[Items listed in a dataset]
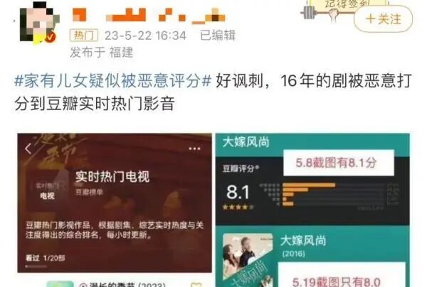 这不,也不知道是谁家出手了,直接跑去给杨紫参与出演的《家有儿女》刷一星。
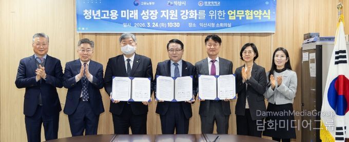 익산시는 고용노동부 익산지청, 원광대학교와 함께 24일 시청에서 '청년고용 미래 성장 지원 강화를 위한 업무협약'을 체결했다.
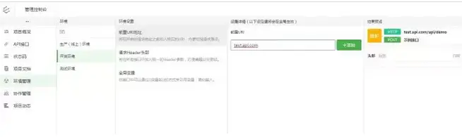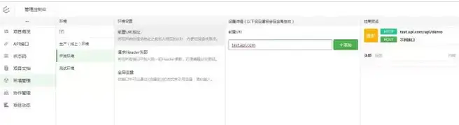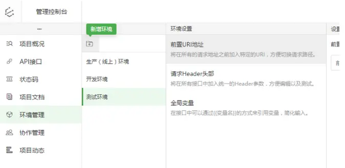 点击左侧环境管理,既可进入到当前项目的环境管理页面,在此可以对环境进行增删查改等操作:
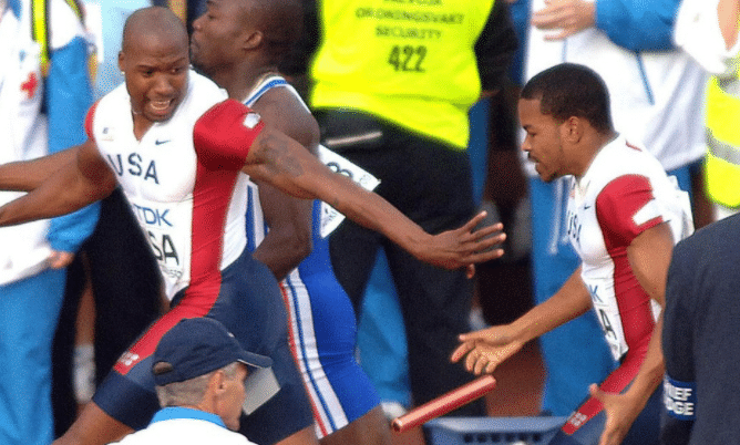 2008年北京奥运会,美国队交接棒失误,他们在预赛直接掉棒,无缘决赛;
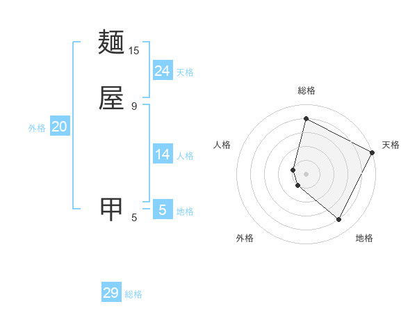 麺屋 甲さんを姓名の画数から五運を鑑定
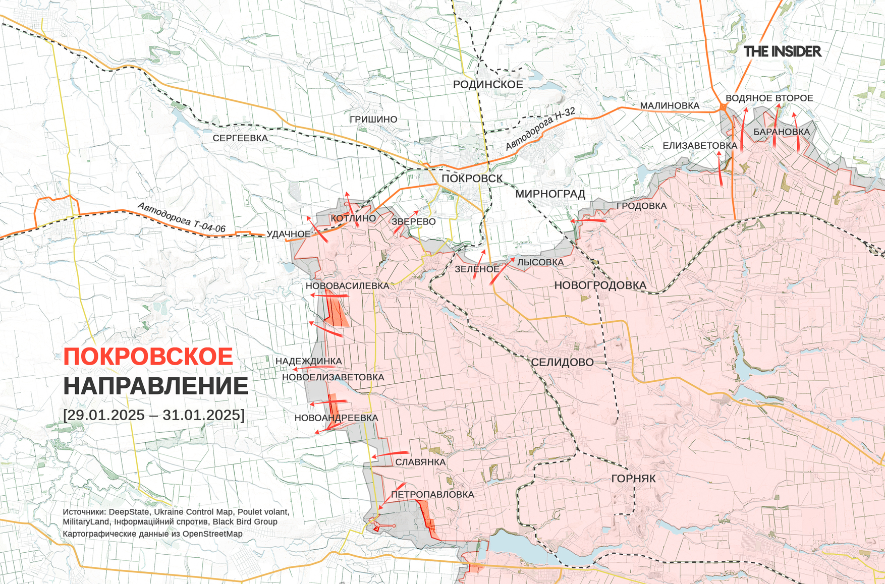 DeepState сообщает о незначительном продвижении ВСУ около Удачного и тактических успехах ВС РФ в Котлине (до 2016 года — Димитрово) на трассе западнее Покровска. Кроме того, аналитики проекта признают захват российскими военными Новоандреевки. В свою очередь, Минобороны РФ отчиталось об «освобождении» населенных пунктов Зелёного, Новоелизаветовки и Нововасилевки.
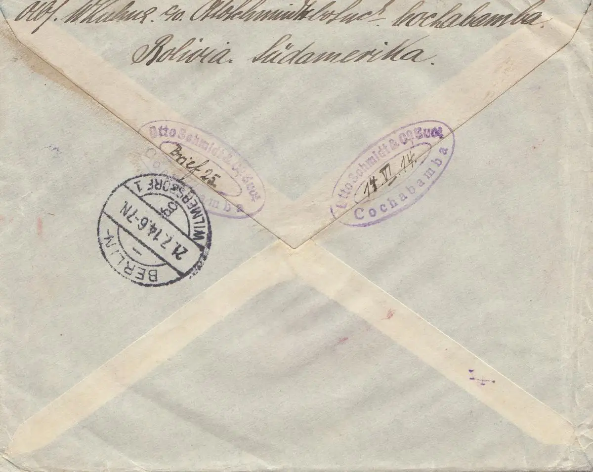 Bolivia/Bolivie: Cochabamba 1914 via Buenos Aires to Berlin/Germany

DIRECTIONS FOR THIS TASK ▸
Give the entries above again, exactly as written and free of images.

EXERCISE RESULT ▸
 这不,也不知道是谁家出手了,直接跑去给杨紫参与出演的《家有儿女》刷一星。
 익산시는 고용노동부 익산지청, 원광대학교와 함께 24일 시청에서 '청년고용 미래 성장 지원 강화를 위한 업무협약'을 체결했다.
 点击左侧环境管理,既可进入到当前项目的环境管理页面,在此可以对环境进行增删查改等操作:
 2008年北京奥运会,美国队交接棒失误,他们在预赛直接掉棒,无缘决赛;
 麺屋 甲さんを姓名の画数から五運を鑑定
 DeepState сообщает о незначительном продвижении ВСУ около Удачного и тактических успехах ВС РФ в Котлине (до 2016 года — Димитрово) на трассе западнее Покровска. Кроме того, аналитики проекта признают захват российскими военными Новоандреевки. В свою очередь, Минобороны РФ отчиталось об «освобождении» населенных пунктов Зелёного, Новоелизаветовки и Нововасилевки.
 Bolivia/Bolivie: Cochabamba 1914 via Buenos Aires to Berlin/Germany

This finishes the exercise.